A genomic study shows that over the last 10,000 years, diverse Eurasian cultures kept and spread genetically distinct dog populations.


Ludwig-Maximilians-Universität München







Dogs have been part of human societies across Eurasia for at least 20,000 years, accompanying us through many social and cultural upheavals. A new study by an international team, published in the journal Science, and led by Laurent Frantz, paleogeneticist at the Ludwig Maximilian University of Munich (LMU) and Queen Mary University of London (QMUL) shows that the spread of new cultures across Eurasia, with different lifeways, was often associated with the spread of specific dog populations.

Scientists from LMU, QMUL, the Kunming Institute of Zoology and Lanzhou University in China, and the University of Oxford, sequenced and analyzed the genomes of 17 ancient dogs from Siberia, East Asia, and the Central Asian Steppe – including, for the first time, specimens from China. Important cultural changes occurred in these regions over the past 10,000 years, driven by the dispersal of hunter-gatherers, farmers, and pastoralists. The specimens came from archaeological sites between 9,700 and 870 years old. In addition, the researchers included publicly available genomes from 57 ancient and 160 modern dogs in their analyses.

Dogs followed metalworkers across the Eurasian Steppe over 4,000 years ago

A comparison of ancient dog and human genomes reveals a striking concordance between genetic shifts in both species across time and space, most notably during periods of population turnover. This link is especially evident during China's transformative Early Bronze Age (~4,000 years ago), which saw the introduction of metalworking. The research shows that the expansion of people from the Eurasian Steppe, who first introduced this transformative technology to Western China, also brought their dogs with them.
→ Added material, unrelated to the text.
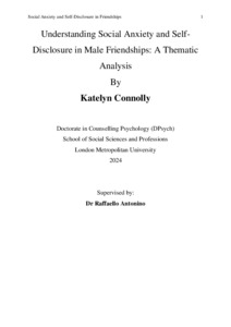 Connolly, Katelyn (2024) Understanding social anxiety and self-disclosure in male friendships: a thematic analysis. Doctoral thesis, London Metropolitan University.

This pattern of human-dog co-movement extends back far beyond the Bronze Age. The research traces signals of co-disperal back at least 11,000 years, when hunter-gatherers in northern Eurasia were exchanging dogs closely related to today's Siberian Huskies.

“Traces of these major cultural shifts can be teased out of the genomes of ancient dogs,” says Dr. Lachie Scarsbrook (LMU/Oxford), one of the lead authors of the study. “Our results highlight the deeply rooted cultural importance of dogs. Instead of just adopting local populations, people have maintained a distinct sense of ownership towards their own dogs for at least the past 11,000 years.”

“This tight link between human and dog genetics shows that dogs were an integral part of society, whether you were a hunter-gatherer in the Arctic Circle 10,000 years ago or a metalworker in an early Chinese city,” says Prof. Laurent Frantz. “It’s an amazing, enduring partnership and shows the sheer flexibility of the role dogs can play in our societies, far more than with any other domestic species.”